‘Bech de!’
MANY readers will recognise that the title of this column is borrowed from an online marketplace that is increasingly popular in Pakistan. This refrain is emblematic of the ideas that dominate our society and world, ideas that most of us endorse uncritically on a daily basis. My question is: what’s the difference between the slogan ‘Bech de!’ and the policies that the PTI government has loyally agreed to implement at the urging of the IMF?
In particular, I want to call attention to one of the fundamental prescriptions that the IMF and other multilateral donors have consistently peddled since the 1980s when the policy regime known as neo-liberalism displaced the Keynes-inspired orthodoxies of the post-WWII period. This policy is called privatisation, and by all accounts the agreement signed with the IMF a few days ago will lead to the government selling off more and more of an already emaciated public service sector.
Note that the IMF, other donors, all manner of ‘experts’ and the current finance minister himself all concur that assets parked in the public sector represent a colossal waste of resources. Ordinary Pakistanis do not need to be told that many public institutions are inefficient and sometimes even oppressive, and that many of them are little more than white elephants sucking taxpayer monies.
But does this mean that it is necessary to sell public institutions into private hands? What about the altogether reasonable alternative, which is to identify the causes of poor performance and then improve the functioning of public institutions?
We put public services on the chopping block.
After all, the state is an entity to which ordinary citizens accord authority precisely because it guarantees basic needs irrespective of class, ethnicity, gender and so on. Yes, private enterprises may be willing to invest in the provision of basic services, but the evidence clearly confirms that they do not guarantee universal provision because it is generally not profitable.
Many of us lament the state and its retreat but rarely in terms of the economy. Here the state is conceptualised only in terms of its ‘assets’ which, when we apply the principle of ‘Bech de!’, fetch a one-time profit. So, for instance, PIA owns a hotel in central Manhattan that many private investors would jump at the opportunity to buy. Many other public-sector institutions can also be broken up into pieces and their ‘assets’ sold for profit. This is necessary, many of us believe, because we need money to keep the economy afloat.

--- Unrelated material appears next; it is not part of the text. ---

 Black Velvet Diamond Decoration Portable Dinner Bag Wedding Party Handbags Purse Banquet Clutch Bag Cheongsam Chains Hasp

But what about the whole principle of the state providing services to the citizenry?
Frankly, that principle went up in smoke a long time ago. Most of us ordinary Pakistanis no longer even harbour expectations of a functioning public sector. Admittedly, the state has never had a very pronounced welfare function, but there was a time not too long ago when this country’s working people, and even segments of the elite, patronised public schools/universities, public hospitals, and even shared public recreational spaces. This was because such services were provided to the larger public by the state, no matter how sparingly.
Now it is taken for granted that those of us who do not have the money or contacts will not gain access to certain services, even if it is a matter of life and death.
Today the state is talking up ‘development’ in historically under-serviced areas like rural Sindh, rural KP, Balochistan and erstwhile Fata but it’s hard to ignore the fact that most interventions are designed to facilitate private investors looking to extract mineral resources such as coal, copper, gold and various iron ores. Roads are of course being built at breakneck pace, and such infrastructure can potentially serve the wider public interest, but the emphasis is more on creating an ‘enabling environment’ for the ‘free market’ while needs such as education, health, transport, drinking water, energy are still effectively luxuries that can only be purchased on the ‘free market’.
Meanwhile, the revenues we could generate by taxing profiteers are wilfully passed up, and it is public services that we put on the chopping block instead.
The most alarming privatisations on the cards are those of the remaining hospitals and colleges that do remain in the public domain. The young doctors, nurses, teachers and other public-sector employees often on strike these days can be criticised, but at least some are calling attention to the ongoing erosion of public health and education; these hospitals and colleges are the only form of insurance that working people have in a tyrannical world ruled by private profiteers.
More of us ought to think carefully about the hegemonic power of slogans such as ‘Bech de!’ and ‘Khareed le!’ and start reimagining alternatives that allow us to free ourselves from the debt and arm-twisting of the IMF and the complicity of state and private elites that could not care less about people’s needs.
The writer teaches at Quaid-i-Azam University, Islamabad.